Given that perimeter of the rectangular sheet= 36cm, Height of cylinder =y base circumference of the cylinder = x = 2pir
So x+y = 36/2 = 18 , y = 18-x, so height of the cylinder = 18-x and radius of cylinder = x/2pi
So volume of cylinder = pir^2h = pi(x/2pi)^2* (18-x) = (x^2* (18-x))/(4pi)
Let f(x) = (x^2(18-x))/(4pi)
We need to maximise this volume function.
So f'(x) = (1/4pi) ( -x^2 + 2x(18-x))= (1/4pi)(x)(-x+36-2x)= (1/4pi)(x)(-3x+36)

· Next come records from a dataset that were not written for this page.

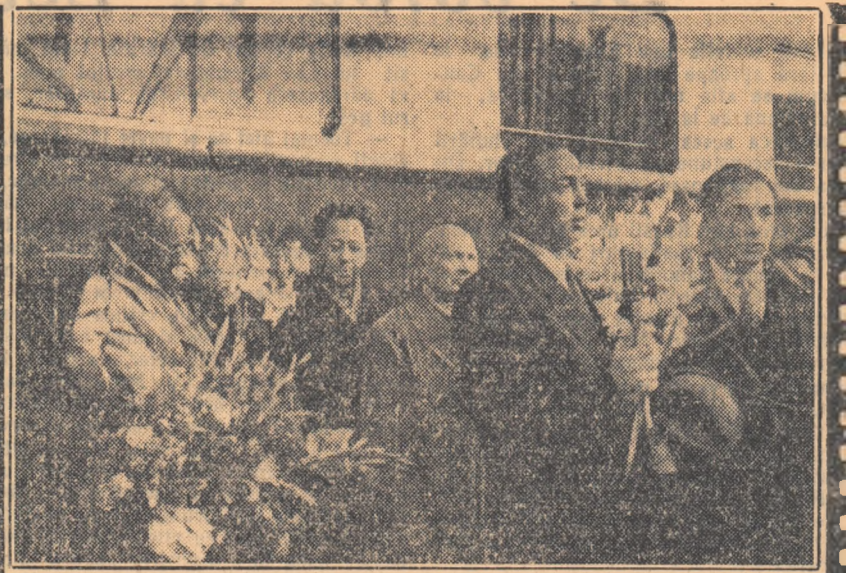
Populeția orașului Cluj a făcut o caldă primire membrilor delegației sovietice la sozrea acestora în gara Cluj. În clișeu: P. I. Kudrevțev, conducătorul delegației, rostește un cuvînt de salut.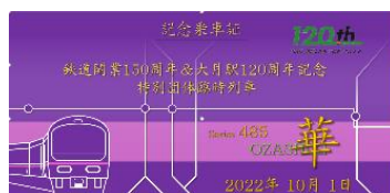
記念乗車証イメージ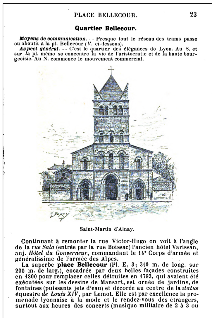
Figure 2 : A. Deroy, La façade de l'église Saint-Martin d'Ainay, gravure, extrait du guide Lyon et ses environs , 1905, p. 23 ( Bibliothèque municipale de Lyon, fonds ancien, inv. 374254 ).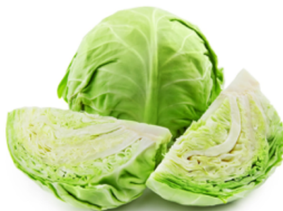
Bilag 17: Hvidkål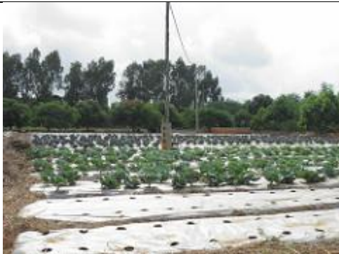
77. Champ de choux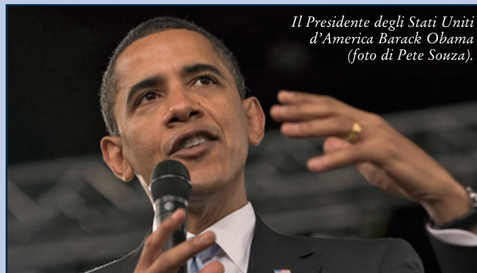
Il Presidente degli Stati Uniti d'America Barack Obama.

“All'alba del XXI secolo, in un mondo in cui davvero sapere è potere e la capacità di letto-scrittura rappresenta l'abilità che spalanca le porte di opportunità e successo, tutti noi, in qualità di genitori e bibliotecari, di educatori e cittadini,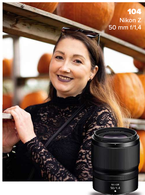
104 Nikon Z 50 mm f/1,4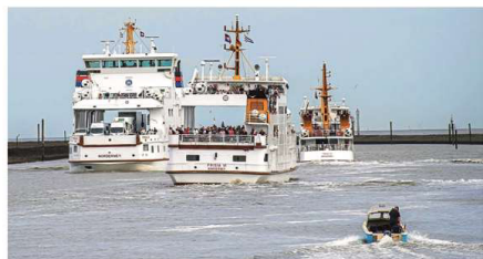
Neue Wege in der Bordrestauration bei der Frisia. Archivbild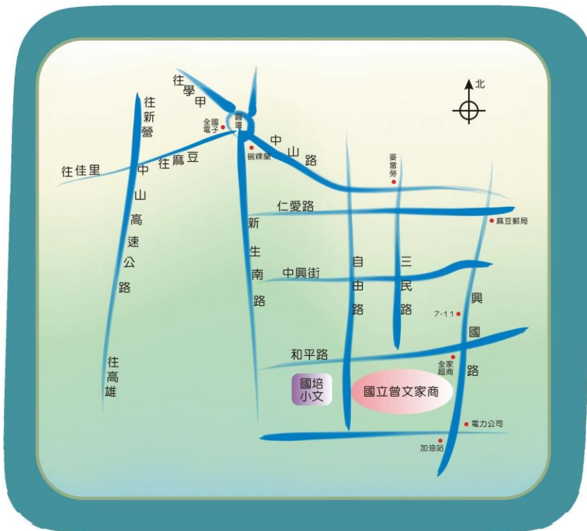
附圖一 承辦學校國立曾文家商位置圖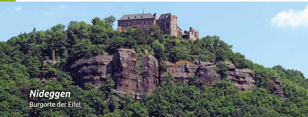
Nideggen Burgorte der Eifel

Die nächste Ausgabe erscheint am 3. September 2021 unter anderem mit folgenden Themen: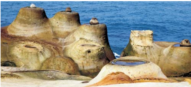
außergewöhnliche und bizarre Küstenformen im Yeliu-Geopark

Nach der Anmeldung zu dieser Exkursion wird mit der von GEOPULS zugesandten Buchungsbestätigung eine Anzahlung (15 % des Reisepreises) fällig. Die Restzahlung erfolgt zwei Wochen vor Reisebeginn. Es gelten die Geschäftsbedingungen des Veranstalters: Geopuls GbR, Neckarhalde 62, 72108 Rottenburg (Tel. 07472-9808802). Bitte beachten Sie vor Reisebuchung unsere Allgemeinen Reisebedingungen sowie das Formblatt zur Unterrichtung des Reisenden bei einer Pauschalreise nach § 651a des BGB (EU-Richtlinie 2015/2302). Beides schicken wir vor Buchung gerne zu, oder kann auf/von der Webseite www.geopuls.de eingesehen und ausgedruckt werden.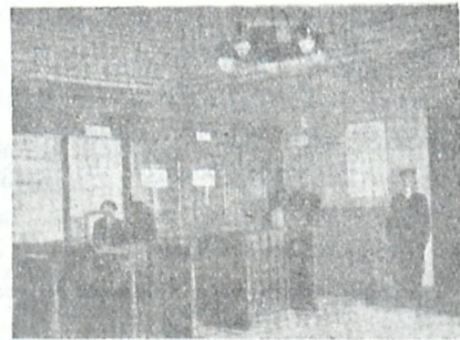
ათასი, სჯა აწარმოებენ ეგულა (თაერადიებს) საქმეებს სოპინის ამხანაგობაში.

წევრების მიერ შესანახად შემოტანილი ფული 1912 წელს უდრიდა 149,258 მ. საკუთარი თანხები 3,400 მ., \frac{1}{10} და მოგება 1912 წელს აღიოდა 12,941 მანეთამდის! და ამხანაგობის ბალანსი 281,602. სახელმწიფო ბანკსა და მთავრობამაც კი დახმარება გაუწია სოპინის ბანკს და მისცა სესხად სხვა და სხვა დროს 38,600 მანეთი. მაგრამ ეს დახმარება აღმოუჩინეს ამხანაგობას მაშინ, როცა დაინახეს სამაგალითო მოღვაწეობა ამხანაგების მესვეურებისა. ამ რიგად, მოყვანილ ცნობებიდან ჭ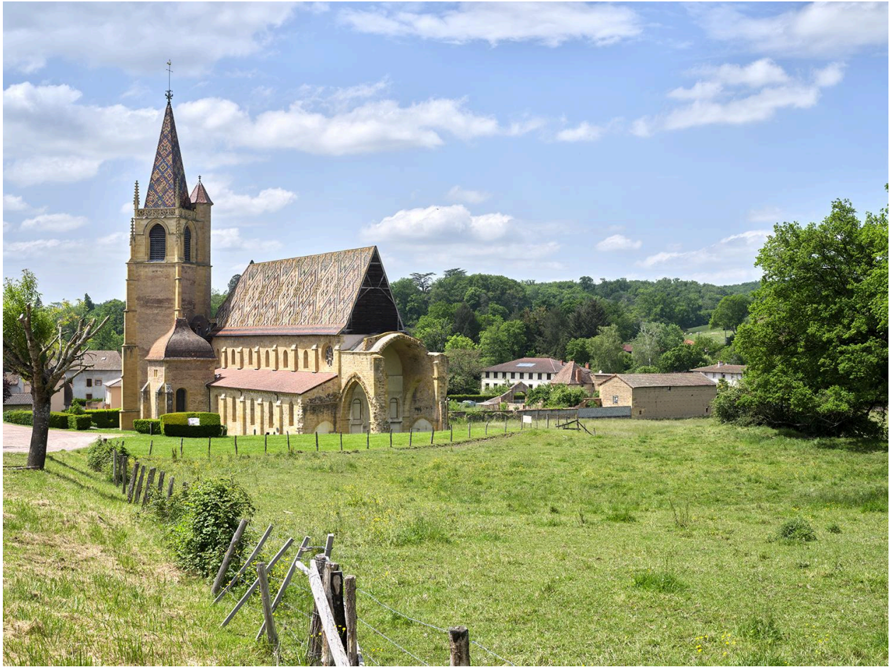
Vue de situation, depuis le nord-est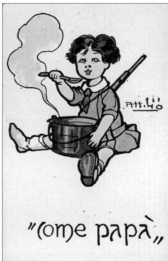
Kot očka

Kljub relativno dolgemu obdobju miru je bila ideja vojne ves čas prisotna. Družba je bila prežeta z militarizmom. Otroci so se s podobami uniform in orožja srečevali od najnežnejših let naprej. 18 Vojska je uživala velik ugled in z militarizmom prežeta vzgoja nikakor ni bila vsiljena od zunaj. Družine, kjer se je prenašala iz roda v rod, so bile večinoma strogo patriarhalno urejene, z jasno strukturo poveljevanja in poslušnostjo kot temeljem vzgoje. 19 Ob dejanskem izbruhu vojne so bili v vojno simbolno vpoklicani tudi otroci. Pozivali so jih k donacijam denarja, izdelovanju nogavic in šalov za vojake na fronti, predvsem pa naj bi svojo vlogo odigrali doma – z učenjem, vzornim vedenjem in visoko moralo naj bi prenesli vse žrtve, ki jih je vojna zahtevala tudi od njih. Bili so simbol prihodnosti, upanja na svetlejšo prihodnost, ki naj bi prišla po koncu spopadov. Šolski sistem naj bi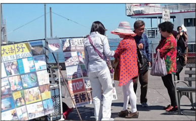
旧金山渔人码头的真相点

美国旧金山一位五十多岁的男游客站在法轮功真相展板前问法轮功学员：这上面的事都是真的吗？学员告诉他亲身受迫害的经历及“天安门自焚”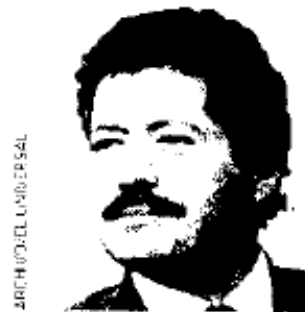
LUIS DONALDO COLOSIO

EL ANIVERSARIO luctuoso 17 de Luis Donaldo

So f'(x) = 0⇒ (1/4pi)(x)(-3x+36)=0⇒x=0 or x= 12
Since x+y = 18, so 0<x<18
f'(x) = (1/4pi)(-3x^2+36x)
So f''(x) = (1/4pi)(-6x+36)⇒ f''(12) = (1/4pi)(-6*12+36) = -9pi <0
So using second derivative test x=12 gives the maximum volume.
Since x+y =18 so 12+y=18 ⇒y = 6
So x=12cm and y = 6cm give the largest volume.